Research has shown that very active women are less likely to develop breast cancer than their sedentary peers, but little has been known about the effects of moderate exercise and whether less active women who start exercising get similar results.
In a study reported in the Archives of Internal Medicine, A. Heather Eliassen and a research team at Harvard reviewed data from nearly 100,000 postmenopausal women, following them for 20 years.
There are many risk factors for breast cancer that women have no control over, such as family history of the disease or the age at which they began menstruating, Eliassen told Reuters Health.
But physical activity "is one of the few breast cancer risk factors that women can do something about. And it's never too late."
Over the course of the study, the women reported how active they were and what types of exercise they got.

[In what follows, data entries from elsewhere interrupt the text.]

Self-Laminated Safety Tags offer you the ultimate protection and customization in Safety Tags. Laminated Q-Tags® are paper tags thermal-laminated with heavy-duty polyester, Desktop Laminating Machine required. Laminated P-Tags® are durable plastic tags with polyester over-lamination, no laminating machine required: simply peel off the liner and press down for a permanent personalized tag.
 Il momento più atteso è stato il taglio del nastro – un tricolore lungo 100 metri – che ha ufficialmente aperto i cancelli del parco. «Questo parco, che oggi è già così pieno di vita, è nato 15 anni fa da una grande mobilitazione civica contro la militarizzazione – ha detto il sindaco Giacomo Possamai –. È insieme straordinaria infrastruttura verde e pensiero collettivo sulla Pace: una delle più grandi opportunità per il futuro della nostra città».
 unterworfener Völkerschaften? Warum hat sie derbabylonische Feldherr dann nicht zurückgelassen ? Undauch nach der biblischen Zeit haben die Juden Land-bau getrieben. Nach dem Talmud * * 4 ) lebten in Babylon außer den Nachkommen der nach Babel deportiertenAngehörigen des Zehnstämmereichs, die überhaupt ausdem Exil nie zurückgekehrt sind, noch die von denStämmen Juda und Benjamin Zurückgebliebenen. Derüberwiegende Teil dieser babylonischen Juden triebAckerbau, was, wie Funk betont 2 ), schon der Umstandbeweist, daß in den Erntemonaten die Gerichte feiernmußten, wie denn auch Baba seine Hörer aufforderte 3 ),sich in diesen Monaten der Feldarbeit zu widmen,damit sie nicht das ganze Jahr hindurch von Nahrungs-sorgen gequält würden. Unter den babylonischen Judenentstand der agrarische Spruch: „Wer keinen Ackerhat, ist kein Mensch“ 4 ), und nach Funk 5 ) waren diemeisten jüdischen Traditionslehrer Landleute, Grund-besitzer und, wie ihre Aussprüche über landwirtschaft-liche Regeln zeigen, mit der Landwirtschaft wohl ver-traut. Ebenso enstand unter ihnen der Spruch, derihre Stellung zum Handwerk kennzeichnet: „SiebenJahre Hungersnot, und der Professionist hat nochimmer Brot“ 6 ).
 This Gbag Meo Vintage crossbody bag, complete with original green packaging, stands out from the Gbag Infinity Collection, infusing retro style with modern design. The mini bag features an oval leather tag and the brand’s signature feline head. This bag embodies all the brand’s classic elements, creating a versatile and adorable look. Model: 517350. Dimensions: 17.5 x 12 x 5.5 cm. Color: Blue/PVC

Those who scheduled at least an hour of brisk walking per day, or an equivalent amount of activity, were 15 percent less likely to get breast cancer than those who walked less than one hour per week.
Brisk walking was defined as roughly three to four miles per hour, at a speed at which it's harder to hold a conversation than when casually strolling.

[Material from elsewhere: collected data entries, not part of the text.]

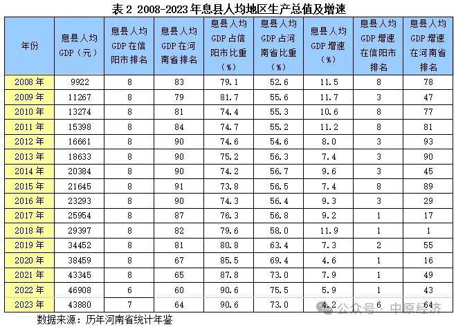 从人均GDP来看,息县人均GDP始终低于河南省平均水平和信阳市平均水平。2023年息县人均GDP为43880元,相当于信阳市人均GDP的90.6%,相当于河南省人均GDP的73.0%,在信阳市下辖8个县(市)中的排名第7位,在河南省下辖102个县(市)中排名第64位。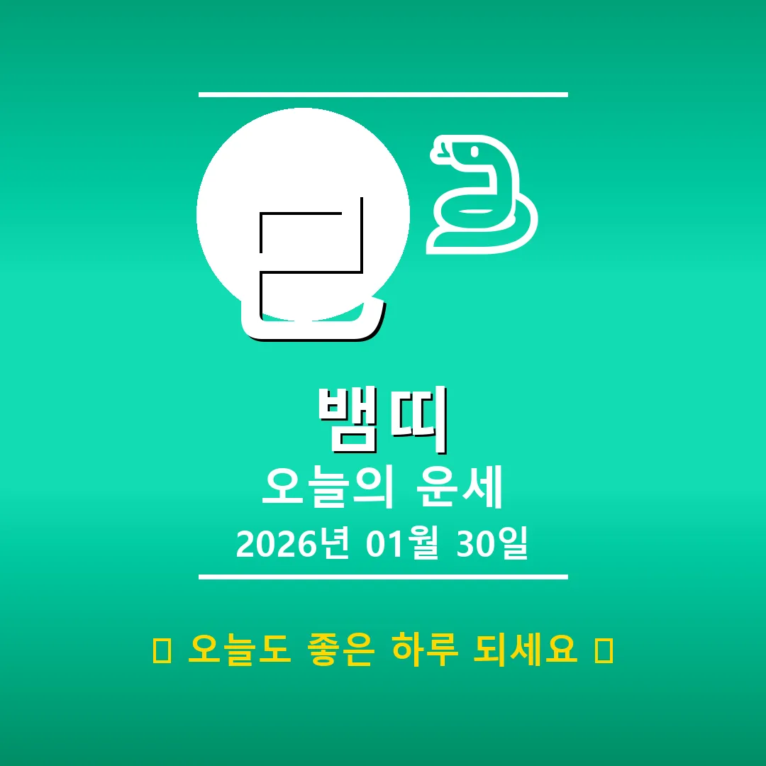 오늘의운세 뱀띠 사업운 애정운 취업운 시험운 총운 2026년 1월 30일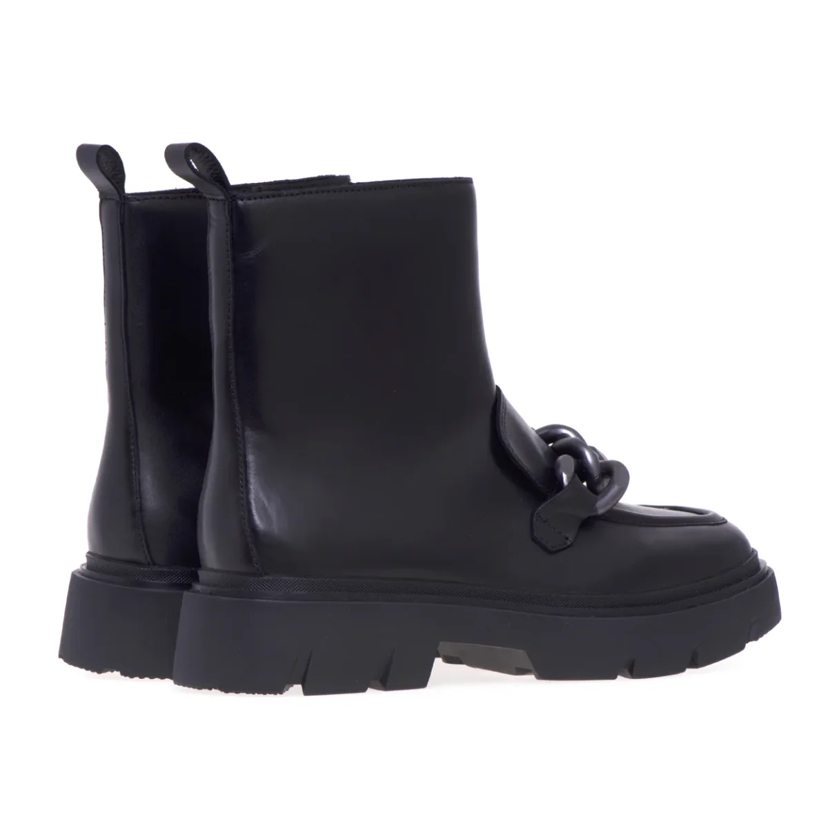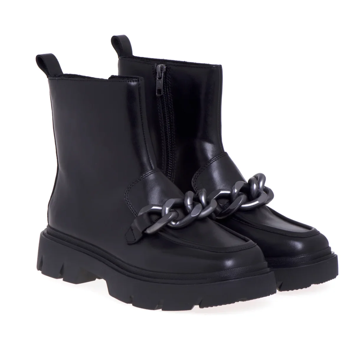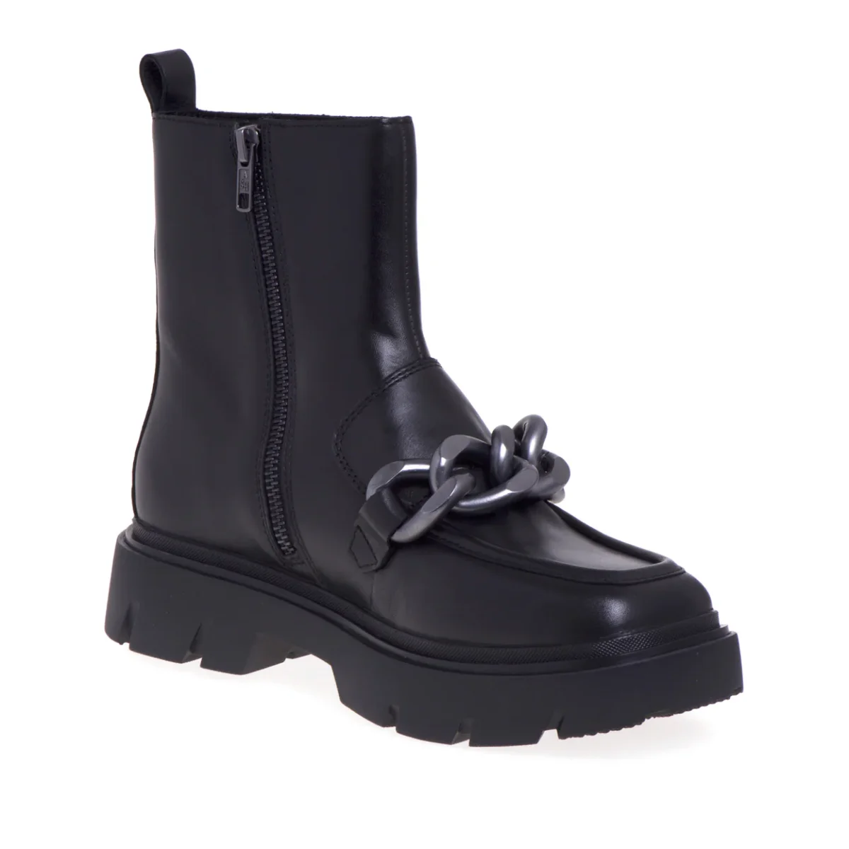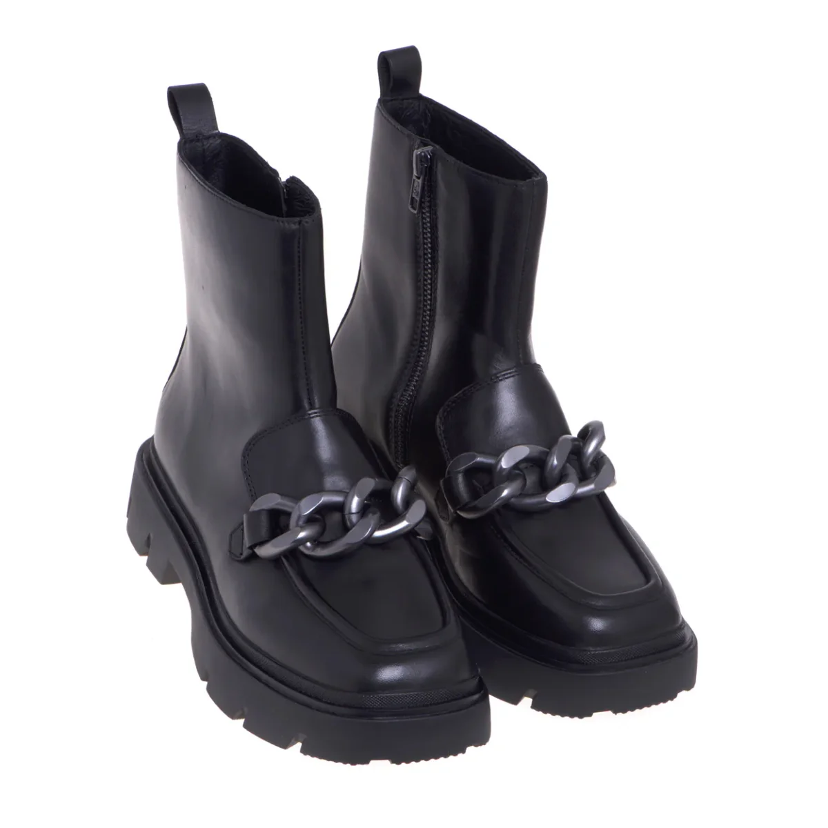 Elementi distintivi del mocassino e del tronchetto impreziositi con una maxicatena in metallo brunito rendono questo polacco la calzatura ideale per chi cerca un accessorio di tendenza in grado di esaltare ogni look. # La zip interna rende agevole la calzata.# Fodera in pelle.# Sottopiede in pelle. # Suola in gomma.

Even those who got little exercise before menopause but boosted their activity afterwards were 10 percent less likely to develop breast cancer than those who stayed inactive.
Overall, five in 100 women got breast cancer over 20 years.
Brisk walking appeared to be the most protective against breast cancer, outweighing swimming, hiking or jogging. But Eliassen noted that walking was also the most common form of exercise, which may have skewed the results.
Regular exercise was associated with lower risk even after removing the potential influence of drinking and weight.
The design of the study did not allow for proof that exercise caused less breast cancer because there may also have been other factors common to the women in the study that also prevented breast cancer.
But it was "suggestive," even though it is unclear why exercise would have that impact, Eliassen said.
While research has already shown that exercise reduces the amount of estrogen in the blood, this study also showed that exercise also reduced the risk of breast cancers that aren't influenced by estrogen.
"Physical activity also has an effect on chronic inflammation, and insulin sensitivity. So there are ways in which physical activity could be acting," she added.